**WHAT IS NEEDED:**
Which lines of the entries below run from the one holding "На Театральному майдані" to the one holding "[ 한국미디어뉴스 이종철", inclusive? Set down exactly those lines and no others.

**DATA TO EXAMINE:**

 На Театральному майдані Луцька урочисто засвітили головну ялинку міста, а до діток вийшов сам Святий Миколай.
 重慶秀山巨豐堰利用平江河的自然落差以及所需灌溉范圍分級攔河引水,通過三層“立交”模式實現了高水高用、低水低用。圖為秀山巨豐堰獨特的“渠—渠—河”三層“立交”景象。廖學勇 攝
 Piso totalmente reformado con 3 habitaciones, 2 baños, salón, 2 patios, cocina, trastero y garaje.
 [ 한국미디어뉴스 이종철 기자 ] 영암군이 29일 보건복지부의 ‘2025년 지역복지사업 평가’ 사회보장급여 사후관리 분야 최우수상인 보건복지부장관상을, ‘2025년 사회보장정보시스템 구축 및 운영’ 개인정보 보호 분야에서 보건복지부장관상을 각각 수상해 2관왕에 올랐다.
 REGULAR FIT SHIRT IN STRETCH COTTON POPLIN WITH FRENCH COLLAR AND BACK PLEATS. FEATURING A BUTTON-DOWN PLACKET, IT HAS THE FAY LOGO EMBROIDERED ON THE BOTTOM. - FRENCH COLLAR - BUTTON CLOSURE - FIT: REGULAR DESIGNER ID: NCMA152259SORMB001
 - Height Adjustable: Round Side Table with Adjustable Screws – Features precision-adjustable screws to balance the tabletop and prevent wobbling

--

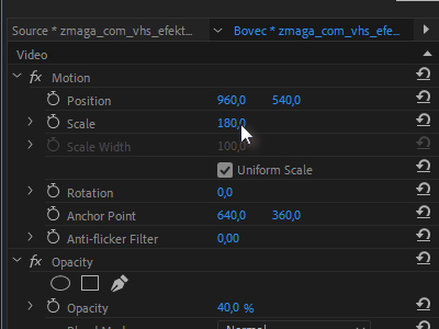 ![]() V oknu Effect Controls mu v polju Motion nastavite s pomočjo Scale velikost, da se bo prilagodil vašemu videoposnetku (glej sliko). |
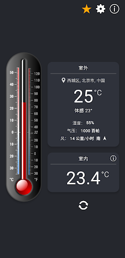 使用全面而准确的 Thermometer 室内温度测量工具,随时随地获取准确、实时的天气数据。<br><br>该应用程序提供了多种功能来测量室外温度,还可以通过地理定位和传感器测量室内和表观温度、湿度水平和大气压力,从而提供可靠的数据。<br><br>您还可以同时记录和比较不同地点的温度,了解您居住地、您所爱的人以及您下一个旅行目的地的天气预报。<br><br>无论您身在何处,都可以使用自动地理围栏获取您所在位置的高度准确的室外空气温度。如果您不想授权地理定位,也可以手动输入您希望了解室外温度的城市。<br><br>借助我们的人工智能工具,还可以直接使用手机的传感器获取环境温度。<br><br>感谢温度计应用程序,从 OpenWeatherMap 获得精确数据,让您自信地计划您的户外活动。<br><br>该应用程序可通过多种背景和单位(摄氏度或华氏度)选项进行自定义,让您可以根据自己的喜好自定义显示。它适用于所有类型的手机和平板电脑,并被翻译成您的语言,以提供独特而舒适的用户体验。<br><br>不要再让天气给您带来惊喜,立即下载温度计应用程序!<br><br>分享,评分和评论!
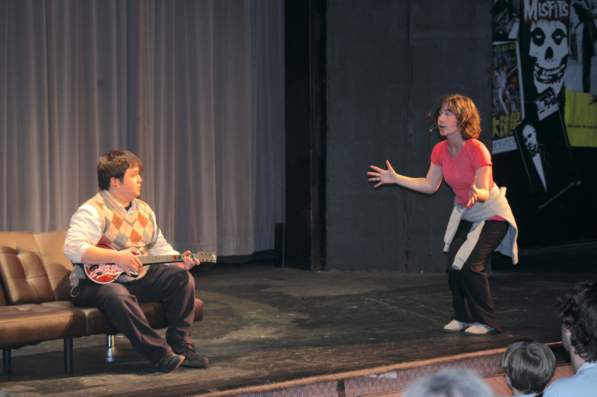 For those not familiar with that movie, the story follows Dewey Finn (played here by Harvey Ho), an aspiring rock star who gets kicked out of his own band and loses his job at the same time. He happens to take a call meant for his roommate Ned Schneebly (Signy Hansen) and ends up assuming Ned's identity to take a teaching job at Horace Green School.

* * *

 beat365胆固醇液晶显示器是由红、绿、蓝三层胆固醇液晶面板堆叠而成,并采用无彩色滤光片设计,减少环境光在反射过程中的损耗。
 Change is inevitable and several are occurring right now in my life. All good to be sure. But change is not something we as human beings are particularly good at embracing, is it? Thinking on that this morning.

**YOUR SOLUTION:**
 На Театральному майдані Луцька урочисто засвітили головну ялинку міста, а до діток вийшов сам Святий Миколай.
 重慶秀山巨豐堰利用平江河的自然落差以及所需灌溉范圍分級攔河引水,通過三層“立交”模式實現了高水高用、低水低用。圖為秀山巨豐堰獨特的“渠—渠—河”三層“立交”景象。廖學勇 攝
 Piso totalmente reformado con 3 habitaciones, 2 baños, salón, 2 patios, cocina, trastero y garaje.
 [ 한국미디어뉴스 이종철 기자 ] 영암군이 29일 보건복지부의 ‘2025년 지역복지사업 평가’ 사회보장급여 사후관리 분야 최우수상인 보건복지부장관상을, ‘2025년 사회보장정보시스템 구축 및 운영’ 개인정보 보호 분야에서 보건복지부장관상을 각각 수상해 2관왕에 올랐다.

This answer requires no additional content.